Epilogue

I bequeath myself to the dirt to grow from the grass I love,
If you want me again look for me under your boot-soles.

Walt Whitman, Song of Myself

MY MEDICAL OFFICE is a converted tenement flat on a busy Edinburgh street. The consulting room faces east: on summer mornings it’s luminous and warm, and in winter it’s sepia-toned and cool. A steel sink is set into one corner beneath cupboards stocked with sample bottles, needles and syringes, while in the other corner is a refrigerator for vaccines. There’s an old examination couch behind a curtain, and on it, a pillow and a rolled-up sheet. One wall is lined with bookshelves, while others are decorated with da Vinci’s anatomical drawings, noticeboards and certificates from medical specialist colleges. There’s a chart of the city marked with the boundaries of the practice – a diagrammatic urban anatomy of coloured motorways, rivers and B-roads.

I journey through the body as I listen to my patients’ lungs, manipulate their joints, or gaze in through their pupils, aware not just of each individual and his or her anatomy but the bodies of all those I’ve examined in the past.
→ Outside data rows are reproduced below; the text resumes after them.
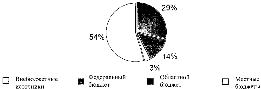
Рисунок 1. Структура финансирования программ в 2011 году по источникам (%)

В областном бюджете на реализацию программ в 2011 году объем бюджетных ассигнований составляет 2 749 218,4 тыс. рублей , из них по приложению 13 к Закону Томской области от 28.12.2010 №327-ОЗ (далее – приложение 13) - 2 673 218,4 тыс. рублей .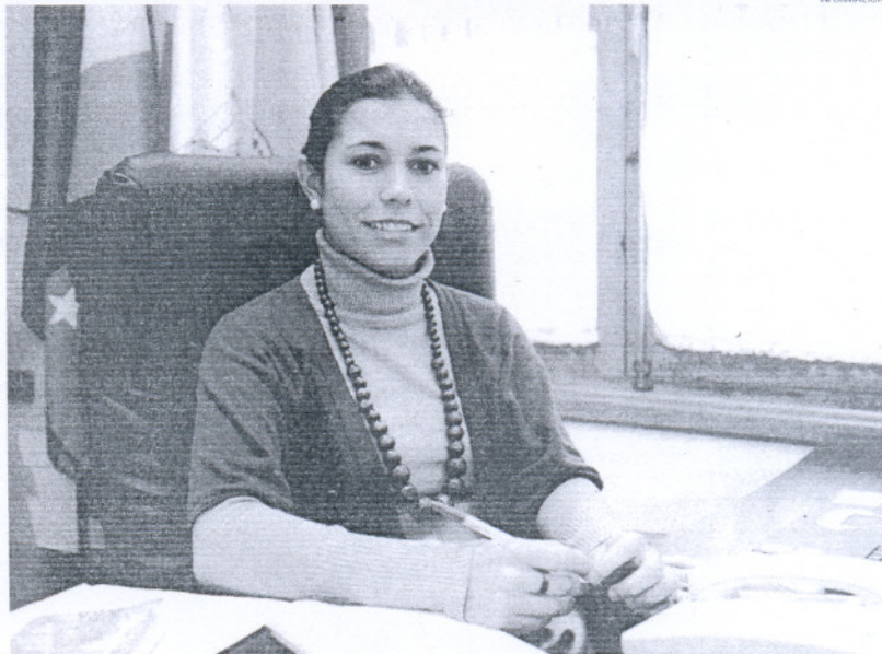
La delegada de Educación ha aclarado que aquellos padres que aún lo deseen pueden apuntarse si hay plazas.

El próximo viernes día 12 finaliza el plazo de presentación de las inscripciones para poder participar; no obstante, Izquierdo ha comentado que aquellos padres que se hayan enterado más tarde y no tengan posibilidad de entregarla ese día, podrán hacerlo más adelante y serán admitidas sus solicitudes, siempre y cuando, queden plazas en los grupos y turnos seleccionados. Los lugares de recogida dentro del plazo establecido son los centros escolares, la oficina de la delegación de Educación, situada en el edificio García Sánchez en la plaza de España o bien a través de fax en el 956 81 53 14. Fuera de plazo será necesario dirigirse a la Delegación de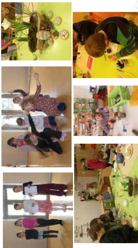
ÜBERRASCHUNG...der Osterhase hat etwas für uns im Garten versteckt.

Das Highlight der Osterwoche war unser fröhliches Osterprogramm. Kleine Hasen aus der 1.Klasse begeisterten das Publikum mit einem Ostertanz. vier Schauspielerinnen aus der 3. Klasse spielten eine lustige Geschichte über „Die verlorenen Ostereier“. Des weiteren wurden wir von Frühlingsgedichten und Liedern verzaubert. Zum Abschluss konnten wir die vielen Leckereien aus der Backwerkstatt genießen und entspannt in die Osterferien starten.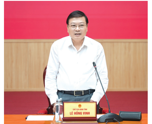
Đồng chí Lê Hồng Vinh, Phó Bí thư Tỉnh ủy, Chủ tịch UBND tỉnh phát biểu tại buổi làm việc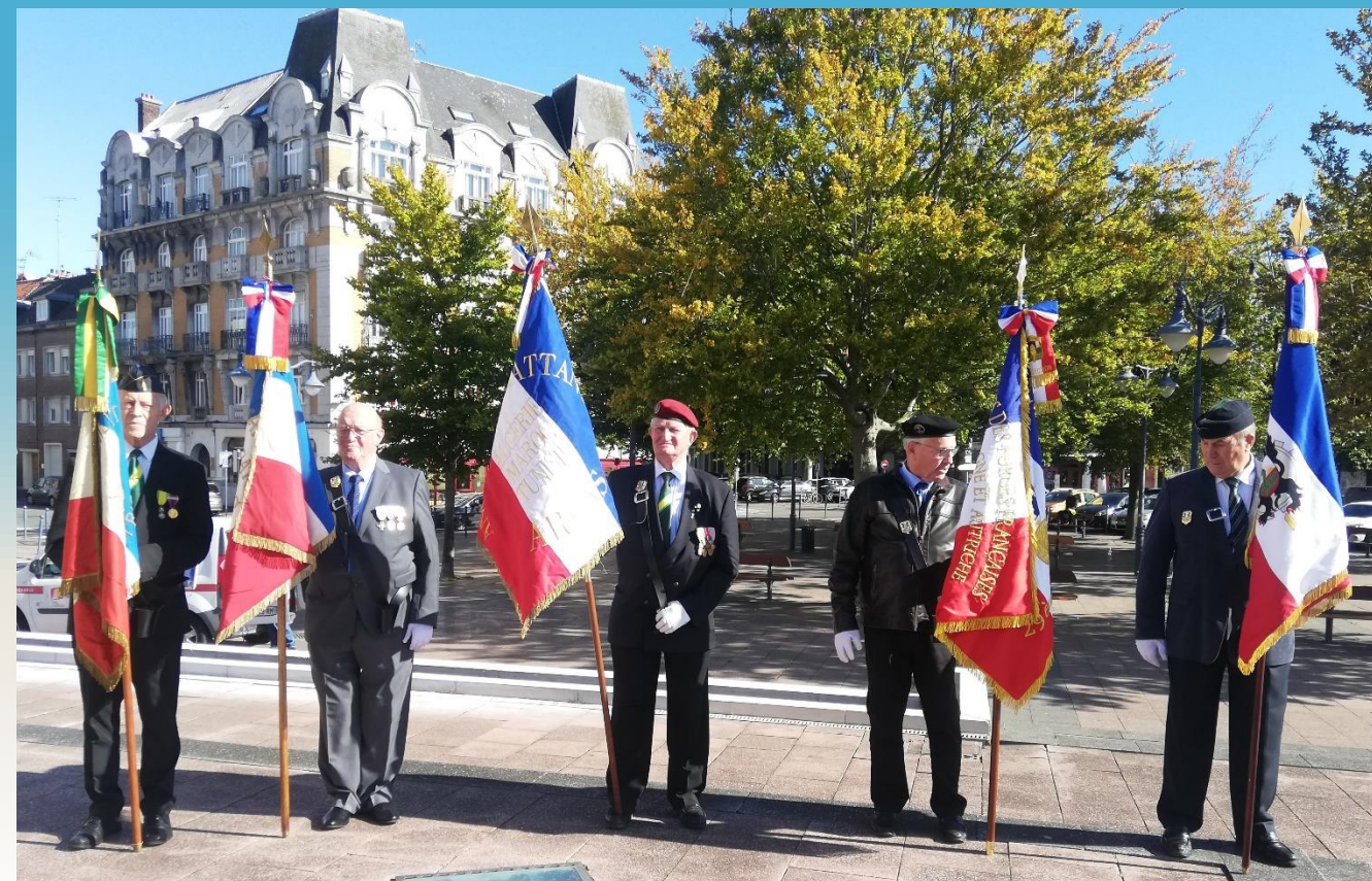
Les porte-drapeaux du Comité d'entente ACVGSP d'Arras

All of us have landscapes that we consider special: places that are charged with meaning, for which we feel affection or reverence. The body has become that sort of landscape for me; every inch of it is familiar and carries powerful memories.
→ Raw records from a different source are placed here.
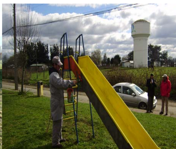
Villa Lagos del Sur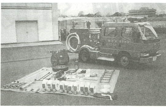
配属された最新型消防ポンプ車と装備の積載品

市消防団 下今泉・杜家・中野・本郷地区分団(6・12・13・15分団)に最新型消防ポンプ自動車(CD1型)が配属されました。 配属式は、去る12月18日に消防庁舎で行われ、これからは消防の第一線で活躍します。主な特長は次のとおりです。 ① ホース延長用資材積載可能 ② ホース10本積載可能 ③ 広範囲にホースを引込める(ホースの取り出しが便利) 報用カセットブレーキの取り付け(4) オイル循環式真空ポンプ搭載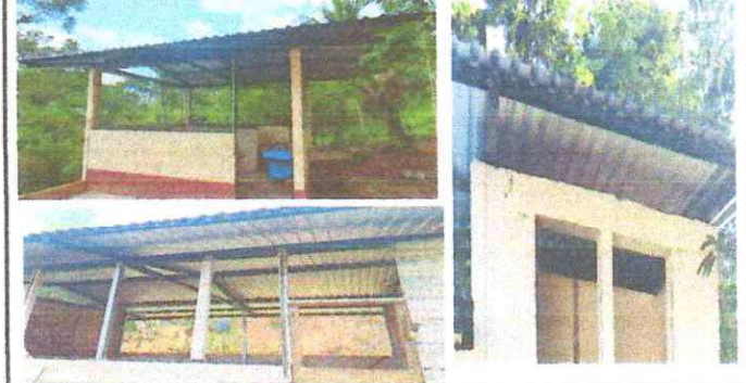
Fotos 2: Sustitucion de estructura de soporte de madera, por metal en Aula, cocina y Baño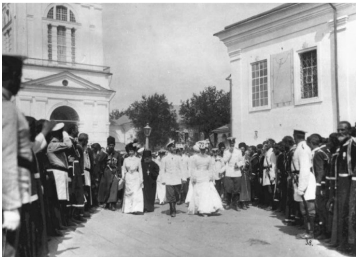
Η υποδοχή της τσαρικής οικογένειας από τον λαό.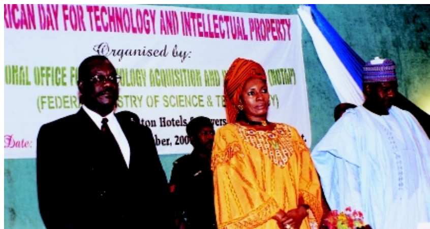
Celebración de la Jornada Africana de la Propiedad Intelectual en Nigeria.

El año pasado, la Organización de la Unidad Africana (OUA) declaró que a partir de esa fecha se celebraría cada 13 de septiembre la Jornada Africana de la Propiedad Intelectual y la Tecnología. La cooperación entre la OUA y la OMPI para promover las invenciones y la creatividad en África se remonta a los años 80. Ambas organizaciones colaboraron también para promover la primera celebración de la Jornada Africana de la Propiedad Intelectual este año.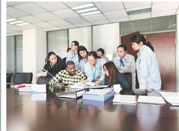
华药正在接受国际高端认证。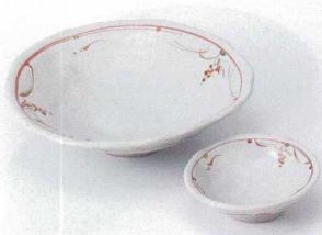
テ201-09 赤絵草紋向付 16.3×4.3cm 1,900円 テ201-10 赤絵草紋千代口 8.3×2.8cm 1,350円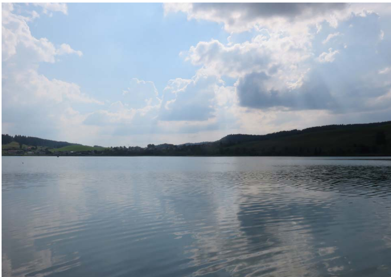
Là-bas est son village. Malheureusement le lac retrouve vu d ici ses couleurs ordinaires.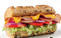
*Pernil i Formatge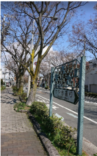
旧天王貯水池付近の けやき通り

北区ではないのですが、 長尾街道を西に歩いていく と大阪刑務所のはずれで 「田出井町」の交差点に出 ます。この交差点から、南 に約1km道路の両側に「ケ ヤキ」が植えられた「けや き通り」があります。その けやき通りに「旧天王貯水 池」があります。

Imagining the body as a landscape, or as a mirror of the world that sustains us, can be difficult in the centre of a city. In terms of geography my practice area is relatively narrow – it’s still possible to visit all of my patients by bicycle – but the cross section of humanity it encompasses is broad. It takes in streets of opulent wealth as well as housing estates of startling poverty, solid professional quarters as well as the student apartments of a university. To be welcomed equally at the crib of a newborn and in a nursing home, at a four-poster deathbed and in a squalid bedsit, is a rare privilege. My profession is like a passport or skeleton key to open doors ordinarily closed; to stand witness to private suffering and, where possible, ease it. Often even that modest goal is unreachable – for the most part it’s not about dramatically saving lives, but quietly, methodically, trying to postpone death.
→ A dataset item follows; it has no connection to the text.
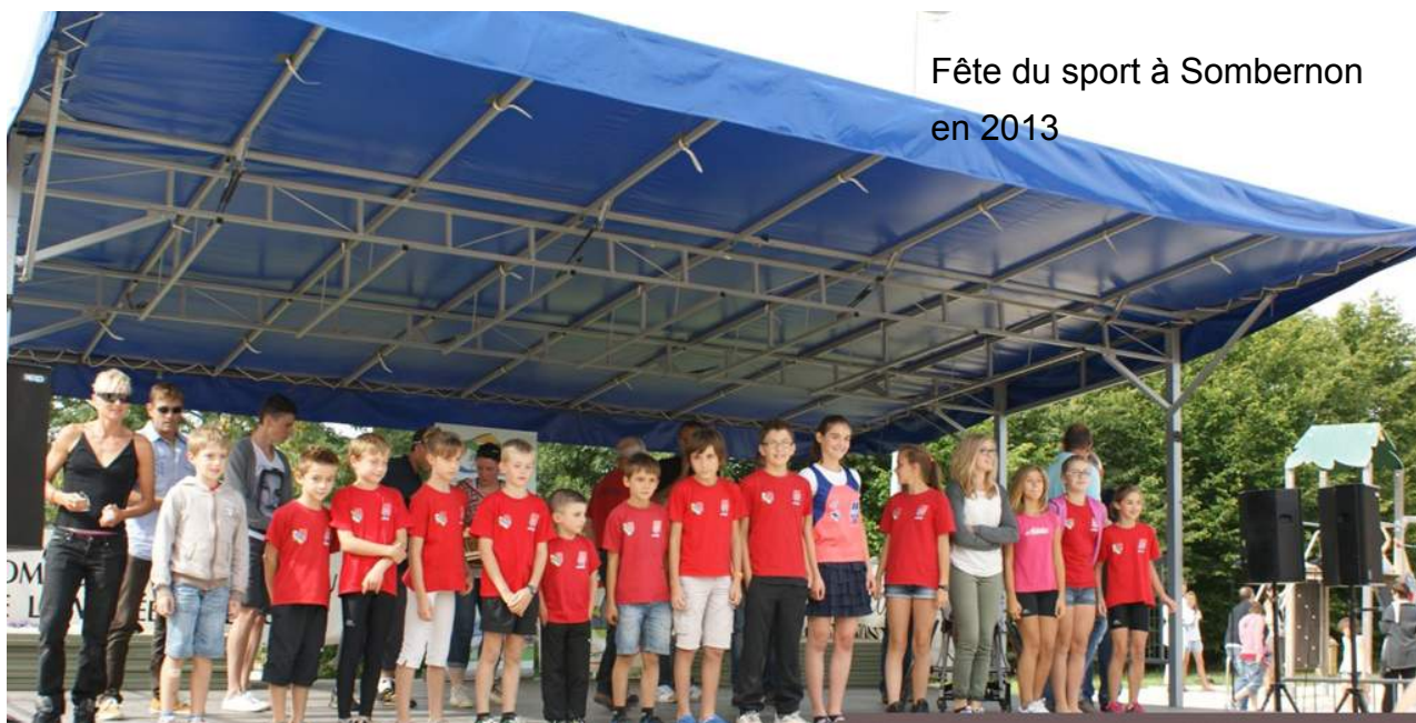
Fête du sport à Sombernon en 2013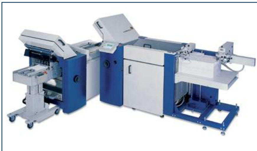
Машина для фальцовки медицинских инструкций prestige FOLD NET 52 4/4

Можно ли сфальцевать длинную инструкцию за один проход без предварительной фальцовки пополам? Может ли одна фальцевальная машина полностью удовлетворить все потребности фармацевтического завода в производстве инструкций? С оборудованием компании MB Bäuerle – это просто!

In the centre of the district, not far from the clinic, is a graveyard that is held apart from the city by a high wall. A gravel path winds between mature stands of birch, oak, sycamore and pine; their roots cradle the coffins as they crumble back to earth. My visits are snatched moments between house calls and clinics, and I usually have the place to myself. Occasionally I meet a parents’ group out taking a break, like me, from the noise of the city streets. We smile and nod acknowledgement as we pass; toddlers that I’ve met in the clinic run laughing between the stones; babies I’ve checked over are lulled gently to sleep in their prams.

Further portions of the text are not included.